IC13 UTI Flashcards
Define ASB
ASB (asymptomatic bacteriuria) - significant colony counts in urine but w/o urinary symptoms
Define UTI
significant colony counts in urine w urinary symptoms
In which patient populations should we screen for and treat ASB?
- pregnant women
increased chance of pyelonephritis, preterm labor, infant low birth weight if left untreated - undergoing invasive urologic procedure in which mucosal trauma/bleeding is expected
bacteria in urine may enter bloodstream, causing bacteremia & urosepsis
when treated, it is considered SAP
When do we screen for ASB in these 2 patient populations?
pregnant women: within 12-16 weeks of gestation
invasive urologic procedure: 2-3 days before procedure
How does UTI present in elderly patients?
- altered mental status (delirium, falls, confusion)
- urinary symptoms (eg. dysuria, frequency)
- signs of systemic infections
When do we treat UTI in elderly patients?
when they present with mental status changes + urinary symptoms OR signs of systemic infections
Describe the prevalence of UTIs across age groups
0-6 months: males > females
1-adult: females > males
elderly (>65): equal
Describe the possible routes of infection of bacteria that results in UTI
- ascending route
bacteria from colon/fecal matter colonise periurethral area/urethra –> ascend UP to bladder & kidney - descending route
bacteria from a distant primary infection site enters bloodstream and is transported to urinary tract, causing a UTI
What are the likely organisms involved in each route of infection?
ascending route: Enteric G(-) bacteria ie. Enterobacteriaceae, eg. E Coli, Klebsiella, Proteus
descending route: Staph aureus, MTb (bacteria unlikely to be found in GIT)
What are some host defence mechanisms in our body that prevents UTIs?
- bacteria stimulates micturition
- anti-adherence mechanisms
- antibacterial properties of urine & prostatic secretion
- presence of phagocytes
What are the risk factors for UTI?
- females > males
- sexual intercourse
- pregnancy
- use of diaphragms & spermicides
- previous UTI
- positive family history
- DM
- catheterization
- abnormalities in urinary tract (eg. prostatic hypertrophy, kidney stones)

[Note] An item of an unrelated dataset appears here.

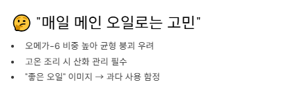 - 오메가-6 비중이 높아 식단이 외식/가공식품 중심이면 균형이 더 깨질 수 있음

- neurologic dysfunction eg. stroke, DM, spinal cord injuries
- anti-cholinergic drugs
How to prevent more UTIs (non-pharmacological strategies)
- hydrate adequately
- urinate frequently/go whenever you have the urge
- urinate right after sex
- good toilet hygiene (females - wipe from front to back)
- wear cotton underwear, loose-fitting clothes to keep the area dry; avoid tight fitting clothes
- avoid spermicides & diaphragms & unlubricated condoms
Classification of UTI
complicated vs uncomplicated
- complicated: a/w serious outcomes, treatment failure, disease relapse
eg. UTI in men, children, pregnant women
- uncomplicated: none of the above
typically pre-menopausal woman of child-bearing age with no history of abnormal urinary tract
What are the symptoms of lower UTI (cystitis)?
lower UTI (cystitis)
- dysuria (pain)
- hematuria (blood)
- urgency
- frequency
- nocturia
- suprapubic heaviness / pain
What are the symptoms of upper UTI (pyelonephritis)?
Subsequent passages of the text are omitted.